January 11, 2013 by jcfarnham
I was directed, by a Mythic Scribes member, to the above article not a few minutes ago, that spoke of writing as a dialogue and it’s really gotten me thinking.
Recently (that being the last few months of 2012) I’ve been in some what of a quandry when it came to writing. I wanted to write, but somehow nothing was working for me. Now, don’t switch off, I don’t mean that in a sappy writers block kind of way, but, for what ever reason, I’d fallen out of love with writing. Let me tell you something, it’s articles like the above that have gotten me going again in 2013.
So. Writing as a dialogue.
We writers and authors cannot possibly expect everyone to engage with our fiction in the same way we did when writing it. That’s important. Everyone write that down.
Even if someone hates you for something you wrote don’t get disheartened. Kay’s example was of a reader refusing to read any further material by him because of a romance between youngters. The same reader (a literature student at university no less) seemed to conveniently forget that Juliet in ‘Romeo and Juliet’ was only twelve.
Opinions change. Books we loved as children, become vile. Books we loved a month ago, become complete dross on the re-read and then perfect again on a further reading.

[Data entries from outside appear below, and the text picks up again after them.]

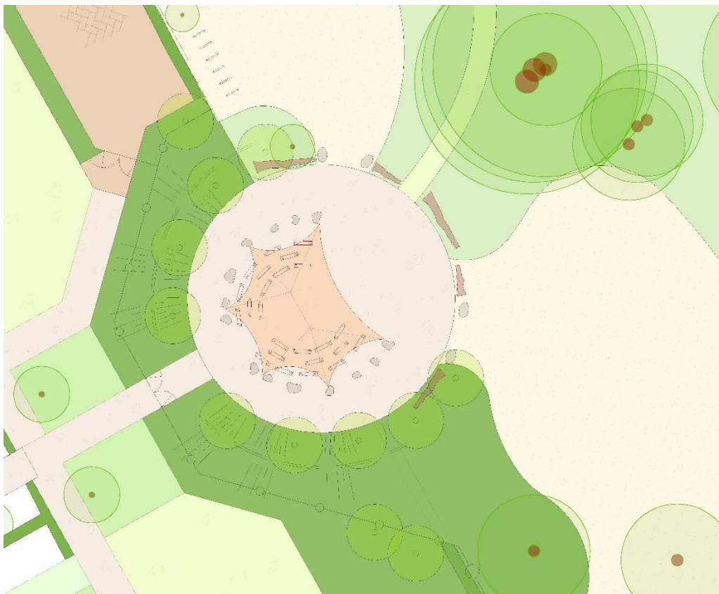
Detail ceremonieplein met tent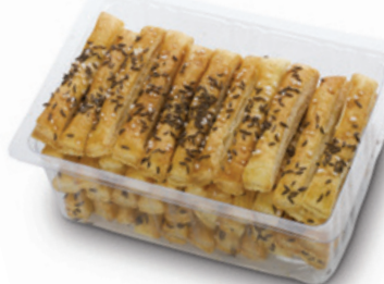
4061 | Listové tyčinky sůl a kmín | B | 150 g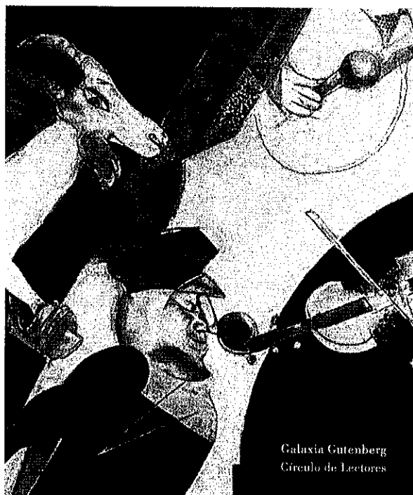
Galaxia Gutenberg Círculo de Lectores

codicia, la injusticia, la delación, la maldad, la soberbia...". Y sin embargo, con esos elementos, se ha ido haciendo la Ciencia, la técnica... Yo me acuerdo ahora de los militantes de base de partidos de izquierdas de los años 50 y 60 que entraban a la cárcel sonriendo y salían con los dientes apretados: sabían que iban a volver. Esta gente y otra mucha gente después, gente muy abnegada, están dispuestos a luchar hasta el final. Son ellos y todos nosotros los que modificamos muy lentamente esas condiciones brutales de los que hacen la historia. Hay que recordar a Camus cuando dijo que "unos hacen la historia y otros la sufren". La historia es extraordinariamente lenta, tenemos que saberlo. Y los que estamos comprometidos con la modificación de las comunidades no podemos contentarnos con la carrera de los cien metros libres, tomar el palacio de invierno... ¡No! La democracia es un camino. Lo dijo con palabras muy hermosas un brigadista internacional que vino a jugarse la vida para defender la República. "La democracia no es un estado de ser de las comunidades, si no un camino. Se está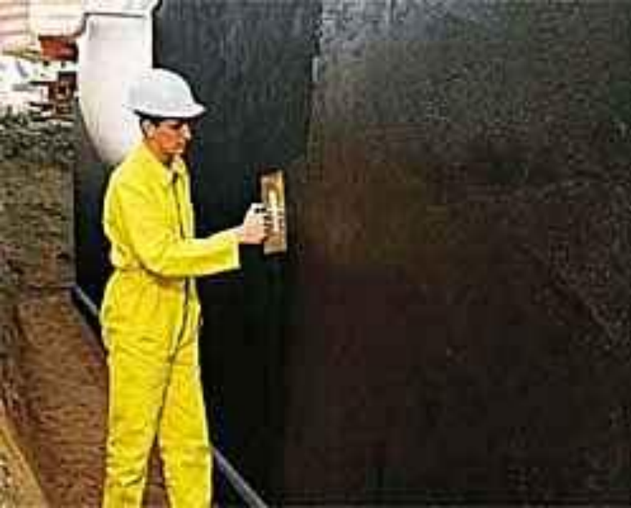
Обмазувальна гідроізоляція на бітумній основі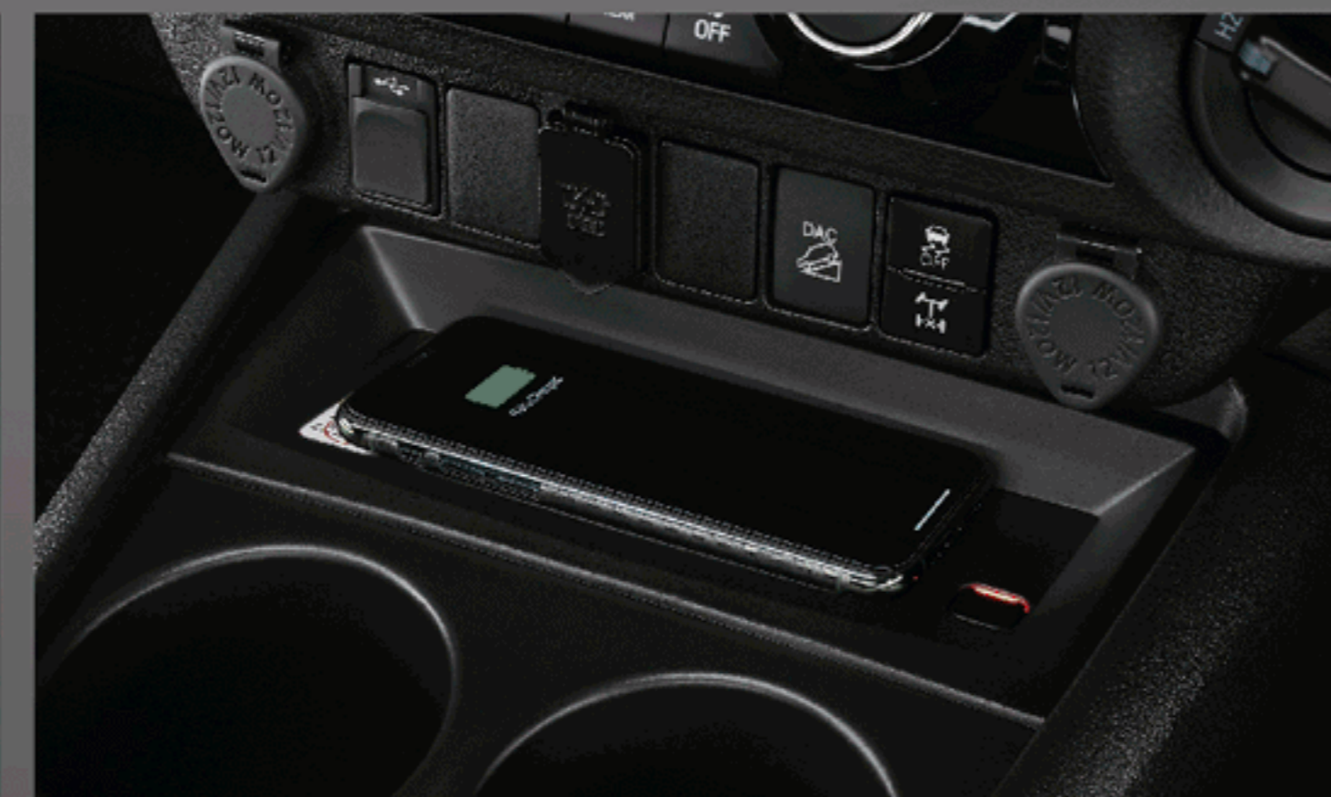
อุปกรณ์ชาร์จไฟแบบไร้สาย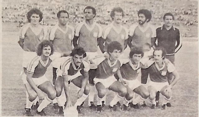
Auto está pronto para jogar, mas o Nacional recorrerá novamente à Justiça Comum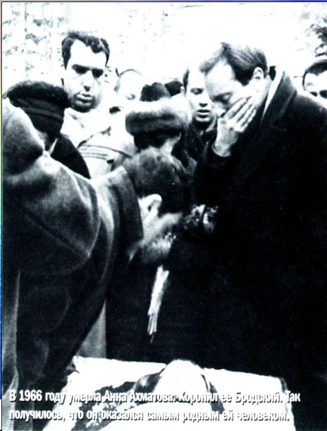
В 1966 году умерла Анна Ахматова. Коронил ее Бродский. Так получилось, что он оказался самым родным ей человеком.

1961 году Евгений Рейн познакомил Бродского с Анной Ахматовой. «В те времена, - рассказывал об этой встрече Бродский, - я был абсолютный дикарь, дикарь во всех отношениях - в культурном, духовном, я думаю, что если мне и привились некоторые элементы христианской этики, то произошло это благодаря ей, ее разговорам, скажем, на темы религиозного существования. Просто то, что эта женщина простила врагам своим, было самым лучшим уроком для человека молодого, уроком того, что является сущностью христианства. После нее я не в состоянии, по крайней мере, до сих пор, всерьез относиться к своим обидчикам». Анна Бродского «своим». Она называла его «наш рыжий» и очень переживала за его судьбу.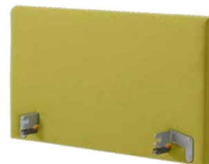
▲ Nobla (Holzdekor oder gepolstert, längere Lieferzeit)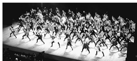
多摩六都ヤング・ダンスフェスティバル

共通 申込み 当日会場へ(入場無料) ところ ルネこだいら大ホール ※駐車場はありません。 問合せ 地域学習支援課 ☎042(346)9834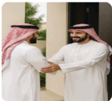
توديع الضيف بالدعاء

اكتب الوصف المناسب الذي يعبر عن أدب من آداب الضيافة في كل صورة مما يأتي :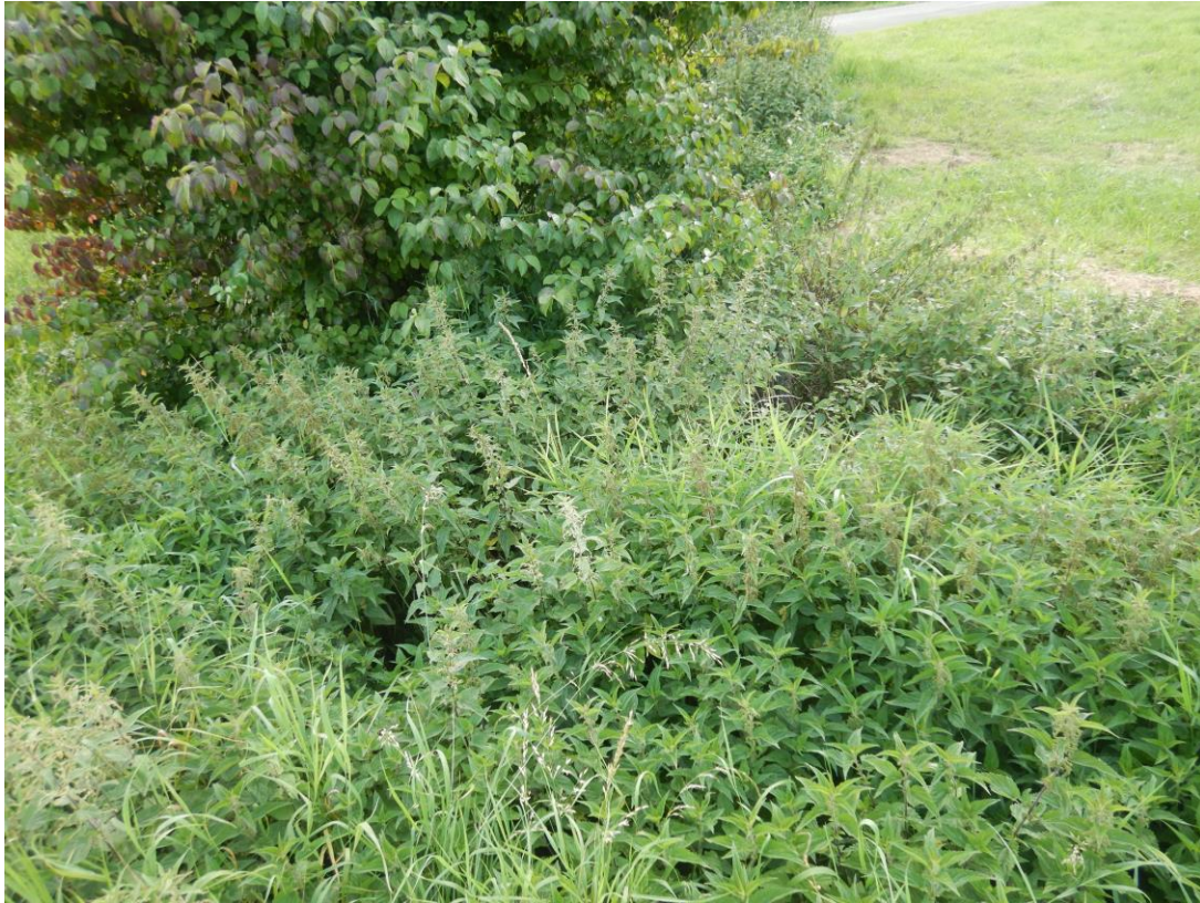
Stark zugewachsener Graben im Norden außerhalb des Plangebiets.

I think during my dry spell I’ve been subconsciously overthinking things. It may take a year or two for my work to get out there into the aether, yet I’m already dwelling on whether it’ll be well recieved. The obvious answer to my worries is: duh, write something you love and surely someone else will love it.
The world is a big place, and we’d all do well to remember that someone else out there is on our wave length. The tiniest of unwarrented criticisms shouldn’t bring us to our knees. We’re better than that.
Today I wrote something for fun. Fan fiction. And no I’m not ashamed of that. I let go of my inhibitions and discovered I could over come something that’s been bothering me for a while. In my novels I seem to rush through material, and end up having to keep tacking on disasters for my characters to react to, like some horrid pulp. Well, in one of today’s scene I wrote at least 2,000 words on one subject – and it was coherent and didn’t drag on. That may not seem monumental, but it and Kay’s article on the dialogue we engage in with readers has taught me something important:
We can all stand to play with our words. There’s no harm in rambling, no harm in seeing where things lead.
Not truly understanding that has been holding me back. I don’t owe anything to anyone, not yet, so why should I edit myself into speeding through plot points as though some nebulous entity is looking over my shoulder saying ‘don’t waffle on, child!’?
The answer is a giant emphatic, sod off you nebulous entity and let me have fun again.